Thompson River Steelhead are in a serious, decades-long decline that has seen stocks drop from ten to twenty thousand a year in the early 1970s, to fewer than 400 spawning fish this year. The Thompson Steelhead Working Group is trying to address the issue, and recently released a draft Thompson Steelhead Recovery and Management Plan.
“The Steelhead are an absolutely vital part of Nlaka’paxum culture and a food source for winter,” says David Walkem, chief of the Cook’s Ferry Band (CFB) at Spences Bridge. “It [fishing for steelhead] was a major cultural activity in winter, that’s been lost since the 1970s.”
Walkem says that up to 20,000 Thompson Steelhead returned every year until 1971/72, but that the returning stock dropped in half after that, and has gone down gradually every year since.
“A lot of people, including my family, voluntarily stopped fishing in the early 1970s,” he notes, adding that “Elders at the time said ‘Let’s hold off.’ We used to get a boat load of fish in two passes of a one kilometre stretch of river.
“I went fishing once, in the 1990s, and saw three fish. We only caught one.”

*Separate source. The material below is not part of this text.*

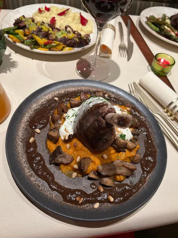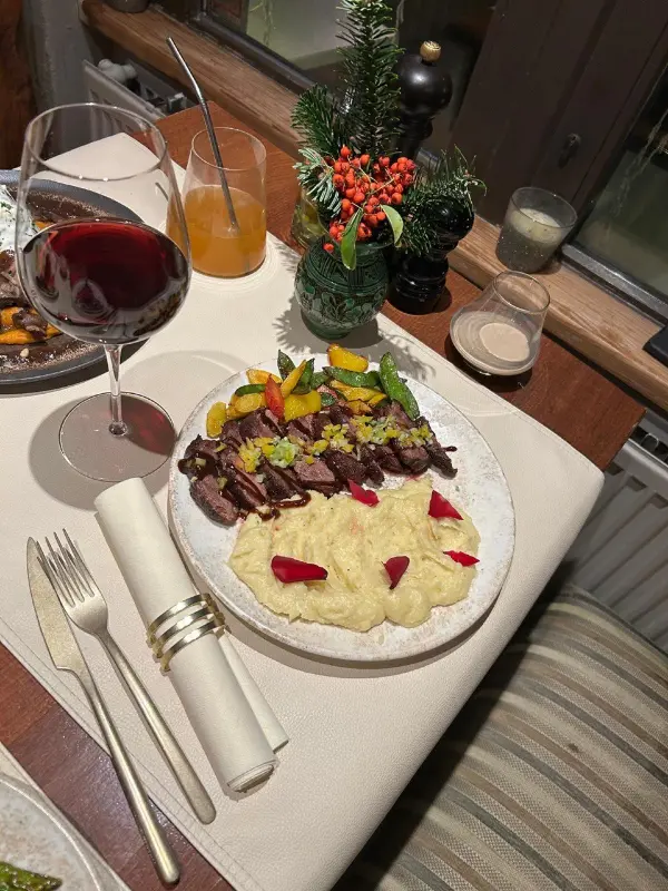 레스토랑 내부는 아늑하면서도 고급스러운 분위기를 자아냈다. 테이블마다 놓인 촛불과 은은한 조명이 따뜻함을 더했고, 직원들의 친절한 미소와 세심한 배려가 인상적이었다. 자리에 앉자마자 메뉴판과 함께 식전 빵이 제공되었다. 빵은 겉은 바삭하고 속은 촉촉했으며, 함께 나온 버터는 부드럽고 풍미가 깊었다. 웨이터는 메뉴에 대한 자세한 설명을 곁들이며, 우리의 취향에 맞는 음식을 추천해 주었다. 그의 친절함 덕분에 더욱 편안하게 식사를 즐길 수 있었다.
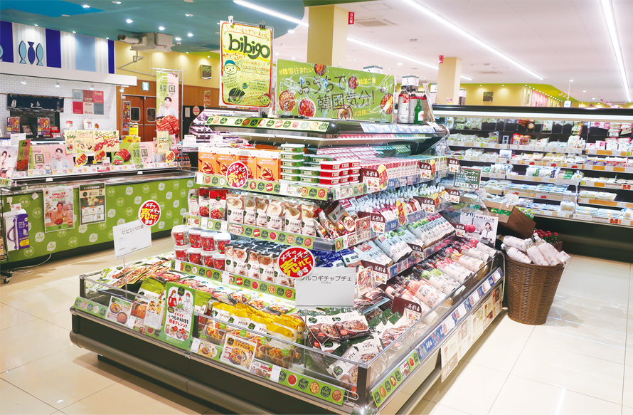 「品揃えを幅広く、というだけでは大手チェーンとの差別化は難しいので、お客さまから見て、当店に来店したいと思われるような独自性のある品揃えを考えています。今回のコンテストについても、これをきっかけとして、「bibigo」ブランドに絞り込み、冷凍の平台と、その向かいのチルド定番コーナー、常温売場などを連携させて、全体として大規模で訴求力のある常設売場を展開することにしました」という。

He acknowledges the importance of the Thompson Steelhead as an economic driver for Spences Bridge and the area: the fish are world-renowned, and attracted myriad sportsmen to the area, prompting the building of motels, restaurants, gas stations, and other amenities in the area.
“Now we only have a part-time grocery store, and no gas stations. At one time we had seven. The building of the Coquihalla Highway, and the lack of economic activity, has devastated Spences Bridge since the 1980s.”
The CFB hosted a number of meetings to look at the situation, but had little support. In 2012 the band invested $40,000 in the process, and CN Rail added another $40,000 so that scientific knowledge could be brought together. The Thompson Steelhead Working Group was formed in order to come up with a framework for a recovery plan.
The group partnered with the Fraser Basin Council (FBC), which acts as a facilitator for the various groups at the table. In addition to the CFB, partner groups include the federal Department of Fisheries and Oceans (DFO), the provincial Ministry of Forests, Lands, and Natural Resource Operations (FLNRO), and the Nlaka’pamux and Secwepemc First Nations.
“The FBC has been fantastic in keeping us on track,” says Walkem.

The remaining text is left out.